You can also get so big that the government steps and tries to break you up, like they did to Standard Oil, AT&T, and (almost) Microsoft.
Economies of scope
If you can’t tell by the name, economies of scope are about expanding the scope of what your business does.
In our previous example, our insurance company could have decided to launch a car insurance product instead of simply trying to grow their home insurance business.
You may ask what advantage there would be from having a small home insurance company and a small car insurance company under the same roof?
If you are already selling someone home insurance, you can call them up and see if they’d also like car insurance. This is a much easier sell since you already have a trusted relationship with them and all of their information. This upsell lets you increase the LTV3 of your customer!4 And you don’t have to stop with car insurance. You can sell them life insurance, flood insurance and pet insurance too. This is the power of bundling!
When you go to upsell a customer on car insurance, you have data on they behaved as a home insurance customer. If they always paid their premiums on-time and never had any claims on their home insurance policy, chances are they are probably a pretty good person to insure for car insurance as well. This additional data lets you improve your underwriting models which means you have lower loss ratios which means you can charge lower premiums than your competitors. You can also use this data to underwrite customers you would not have otherwise been comfortable offering insurance to, which expands your universe of potential customers.
Some customers might only want to shop at an insurance company that can handle all of their insurance needs. After all, it’s annoying to manage four different billing cycles, keep track of all of those passwords and remember who to call for which issue. Offering multiple product lines might further open you up to a new set of customers.
While some of these advantages are related directly to costs, I think about economies of scope as expanding your revenue opportunities. With bundling, you can now sell twice as many insurance policies to the same customer. With better data, you can reach customers you would not have previously been comfortable insuring. And with being a one-stop-shop, you can reach a brand new segment who values convenience and consistency.
Economies of a startup
One thing you are probably noticing is that it’s hard to have economies of anything at a startup. After all, when you are so much smaller than the incumbents, they probably have both more scale and more scope than you do.
This is why the standard advice for startups is that your product needs to be 10x better than the incumbent. If it’s only twice as good, people will likely stick with the cheaper, safer, more convenient option.
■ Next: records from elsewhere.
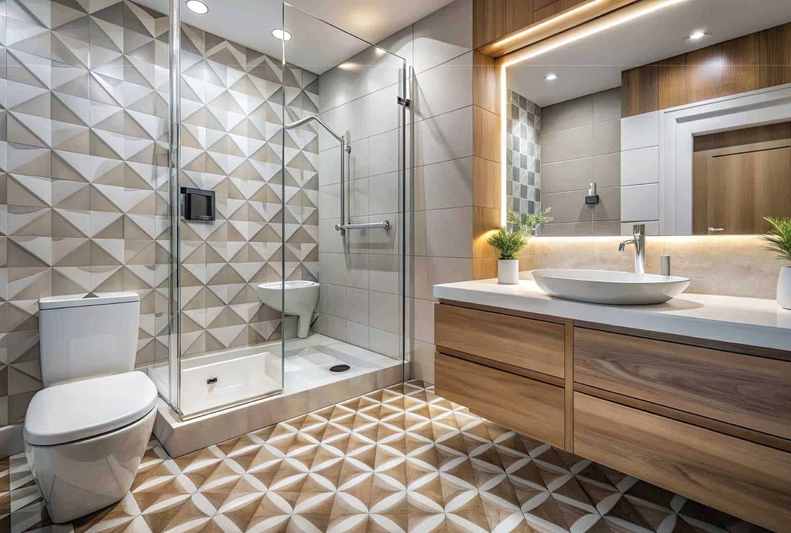 Digital shower controls, motion-sensor faucets, and WaterSense-certified fixtures combine technology with water conservation—important for desert homeowners.
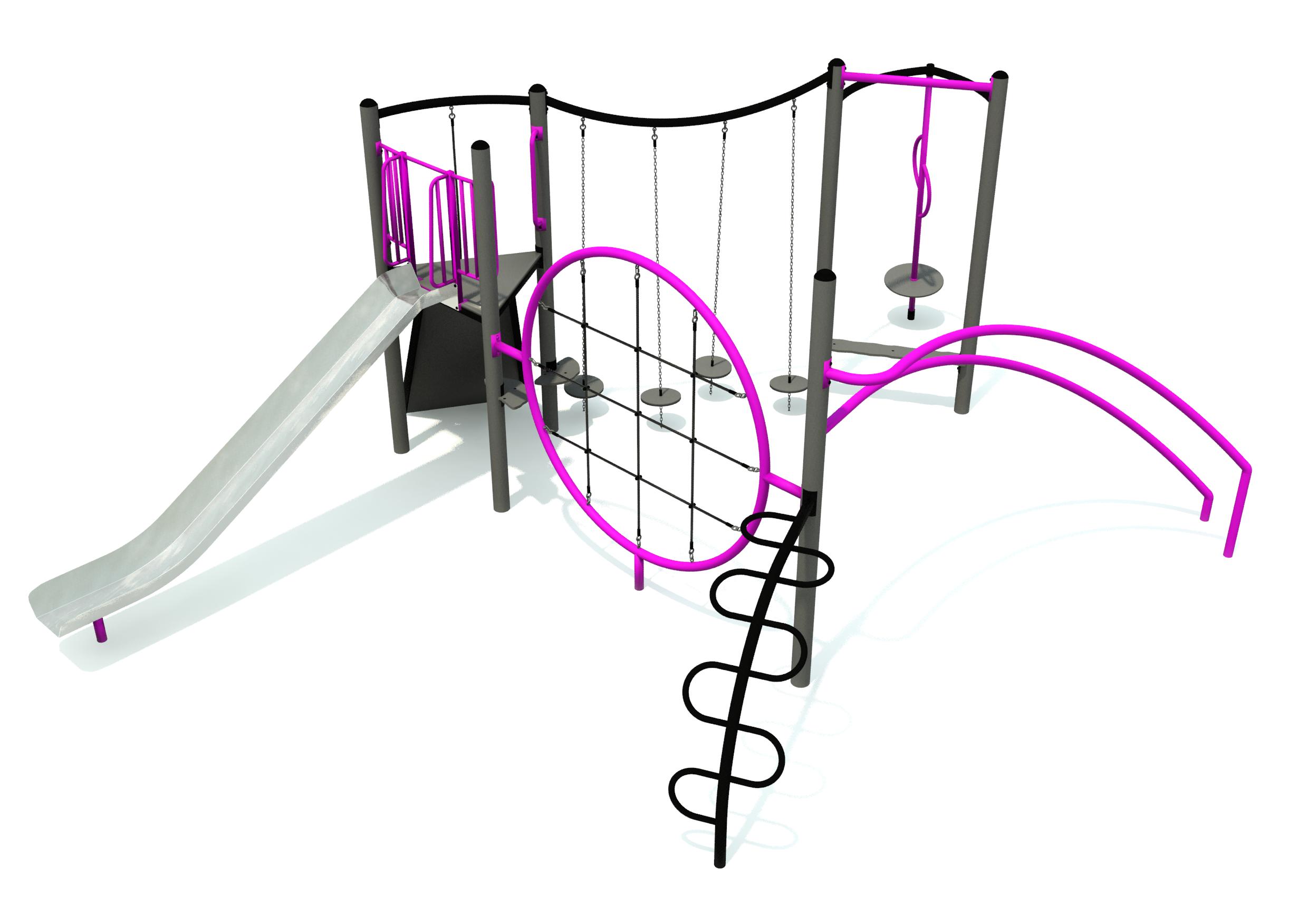 The Kingsdale Tower offers an exciting and unique variety of ways to traverse, letting you spin, slide, or climb how you desire! Paired with its robust metal construction, this makes for a great long lasting all rounder to any play space!
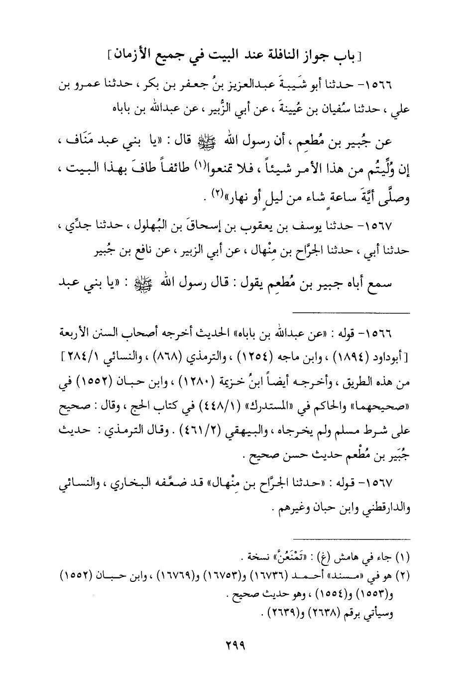 1566 - حَدَّثَنَا أَبُو شَيْبَةَ عَبْدُ الْعَزِيزِ بْنُ جَعْفَرِ بْنِ بُكَيْرٍ , ثنا عَمْرُو بْنُ عَلِيٍّ , ثنا سُفْيَانُ بْنُ عُيَيْنَةَ , عَنْ أَبِي الزُّبَيْرِ , عَنْ عَبْدِ اللَّهِ بْنِ بَابَاهُ , عَنْ جُبَيْرِ بْنِ مُطْعِمٍ , أَنَّ رَسُولَ اللَّهِ صَلَّى اللهُ عَلَيْهِ وَسَلَّمَ قَالَ: «يَا بَنِي عَبْدِ مَنَافٍ إِنْ وُلِّيتُمَّ مِنْ هَذَا الْأَمْرِ شَيْئًا §فَلَا تَمْنَعُنَّ طَائِفًا طَافَ بِهَذَا الْبَيْتِ وَصَلَّى أَيَّةَ سَاعَةٍ شَاءَ مِنْ لَيْلٍ أَوْ نَهَارٍ»
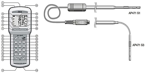 In Figure 4, environmental factors are measured using the DO 9847K instrument, which is manufactured by Delta Ohm Srl. This Italian datalogger has the capability to assess airspeed, moist bulb temperature, air temperature, relative humidity, and globe temperature. Additionally, medium radiant temperature (Tr), predicted mean vote (PMV), predicted percentage dissatisfied (PPD), and damp bulb globe temperature (WBGT) can be determined from measured quantities, following ISO 7243, ISO 8996, ISO 7726, and ISO 7730 standards as cited in ref. []. A detailed listing of its features can be found in Table 3.
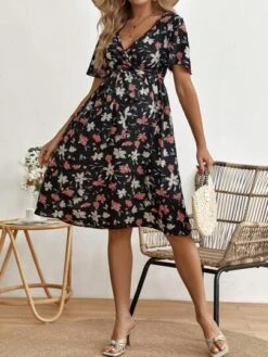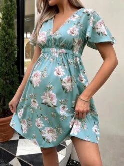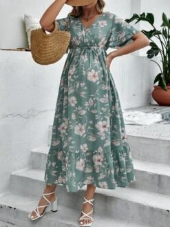 SHEIN Maternity Floral Print Butterfly Sleeve Belted Ruffle Hem Dress
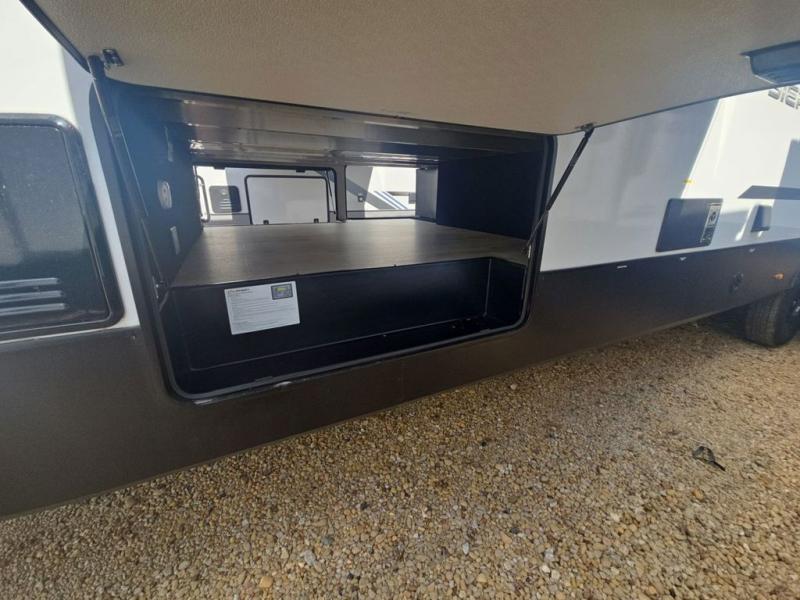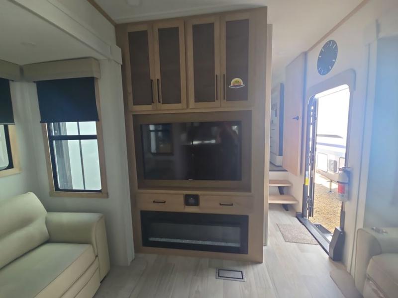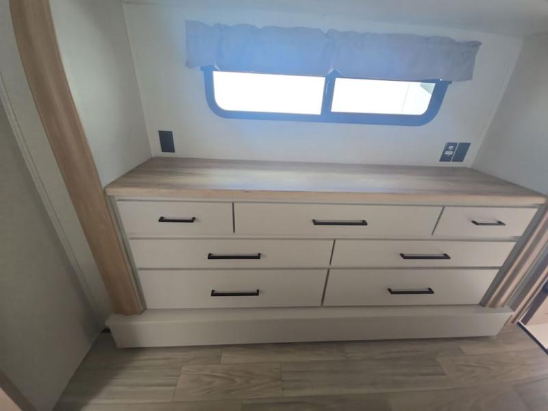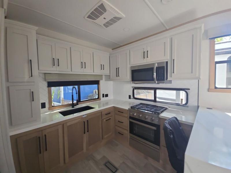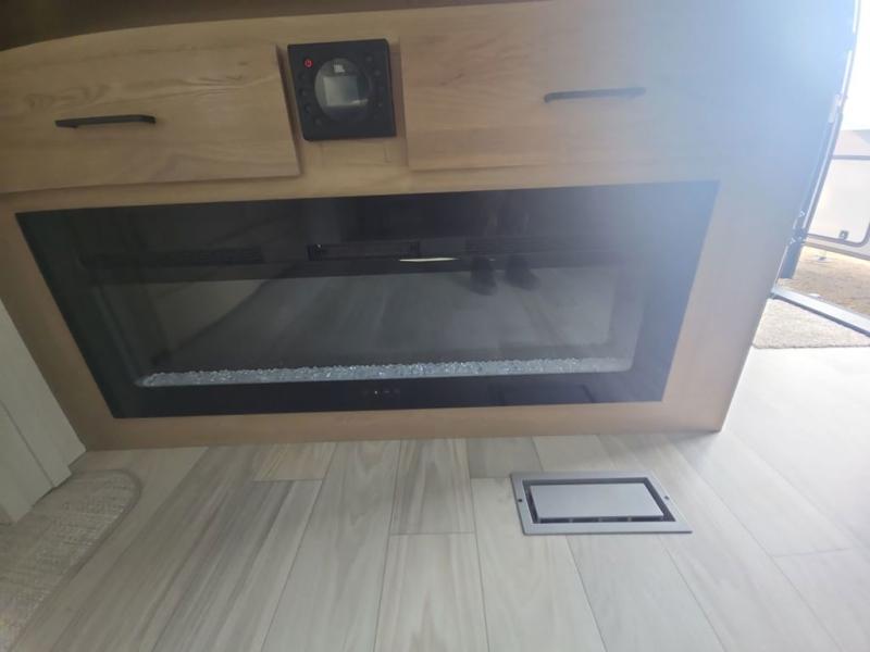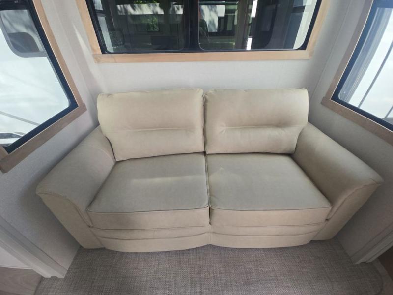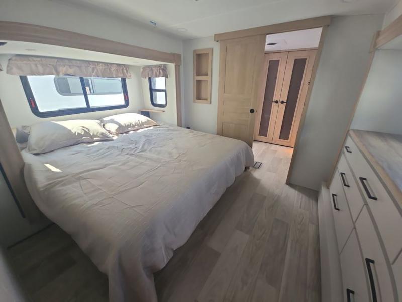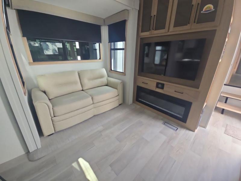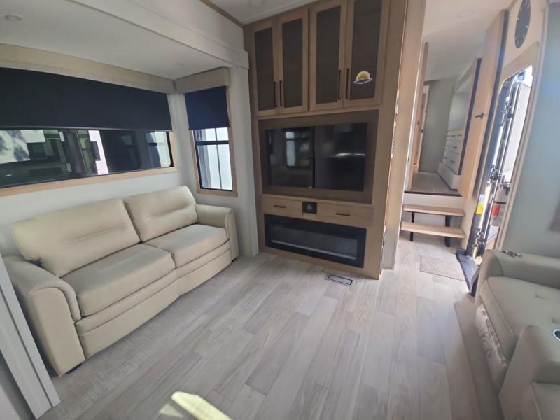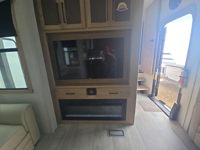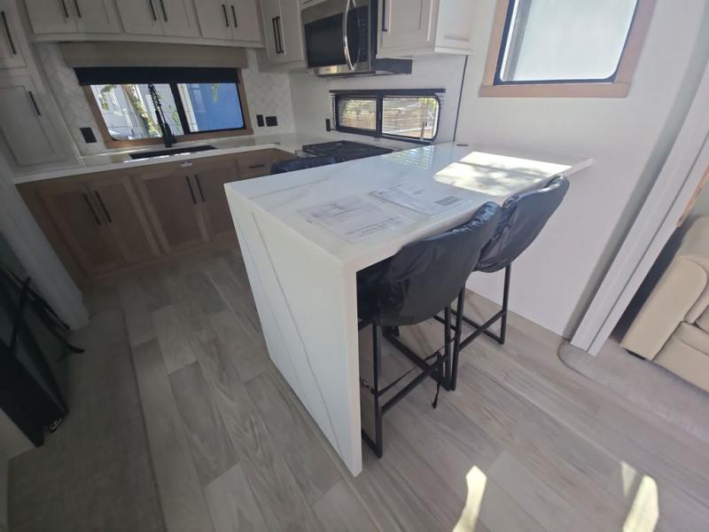 If you're looking to go full-time RVing, this fifth wheel is packed with convenient features! The master bedroom includes a king bed slide out with USB ports on either side of the bed so you both can charge your phones, and there is a dresser for your folded clothes. You will love the front bathroom with dual bath sinks, a shower with a seat, plus a walk-in closet with shelves, rods to hand clothes, and baskets for laundry! There is a unique middle utility room with washer and dryer, Washer and dryer counter and a rod to hang clothes that will make a perfect laundry room, or you can utilize this space for storage! Head to the main living area to relax on the theater seating or hide-a-bed sofa, and if you have guests stay over, they can sleep here. There is also an entertainment center with a 50" flat screen TV, but you might just leave that off if you're working at the desk with a chair that is provided. We've saved the best part for last; the kitchen! Here, you'll find ample counter space to prep home-cooked meals, a three burner high output range with a 22" oven, plus a large counter with barstools where you can enjoy breakfast at each morning. Choosing this fifth wheel is a no-brainer!

However, if it’s 10x as good, some (not all) people will be willing the make the leap.
But just because you don’t have any size advantages doesn’t mean you shouldn’t be thinking about them.
If your competitor relies on economies of scale, taking even 5% of their customers can have major impacts on their bottom line. We talked about a business like Blockbuster that relied on getting a certain number of video rentals for their stores to be profitable. Once they lost a small amount of their market share, their stores starting losing money.
If they rely on economies of scope, focus your efforts on a single vertical. Just like with economies of scale, taking away one vertical can have an outsized impact on their economics.
As you grow, use this framework to think determine if you should grow in scale or in scope. Startups are extremely resource constrained so being focused and intentional is crucial.
Or increase their profit margins, increase employee salaries, or a plethora of other options.
Or, as mentioned previously, given to shareholders or employees or whatever.
Lifetime Value.
You can also think about this as there being two customers (one for home insurance and one for car insurance) and splitting the CAC between them.